The report also outlined five separate federal programs or policies from the past decade that appear to “remedy the illegalities of the detainer program,” but do nothing to limit legal liabilities for local law enforcement agencies. Those programs included:

  • Secure Communities, which allowed federal agencies to share information between databases and led to racial profiling and prolonged detentions
  • Priority Enforcement Program, which ostensibly replaced detainer requests with notification requests
  • reinstatement of the Secure Communities program and a detainer policy issued in March 2017 that appeared to assure local law enforcement officials that ICE’s detainer practice complied with Fourth Amendment obligations
  • a Basic Ordering Agreement that allows jurisdictions to hold immigrants for up to 48 hours and receive a $50 reimbursement from ICE
  • the “Gualtieri memo,” written by Sheriff Bob Gualtieri in Florida, who proposed two workarounds of detainer compliance by saying the county could enter into a 287(g) agreement with ICE or contract with ICE by entering into a Inter-Governmental Service Agreement (IGSA). The 287(g) program allows non-federal law enforcement officials to perform immigration enforcement actions to the extent consistent with state and local law.
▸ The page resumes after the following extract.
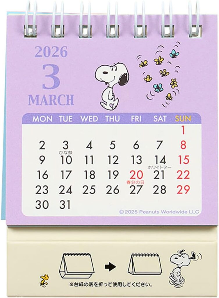 「プチサイズの卓上カレンダー」をお探しなら、「サンリオ(SANRIO) リングミニカレンダー 2026 スヌーピー」がオススメですね。

The report’s release follows a U.S. Department of Justice lawsuit against the state of California that cracks down on local law enforcement officials’ unwillingness to participate in immigration enforcement. Although California state officials appear to be giddy for a showdown with the Trump administration, anecdotal evidence shows that there are serious consequences when police departments participate in immigration enforcement operations. Police chiefs in places like Los Angeles and Houston have expressed a “chilling effect” on crime reporting from immigrants who are afraid they make be rounded up despite being victims or witnesses to crimes. Some immigrants have been too afraid to attend court proceedings, while others have been afraid of contacting police.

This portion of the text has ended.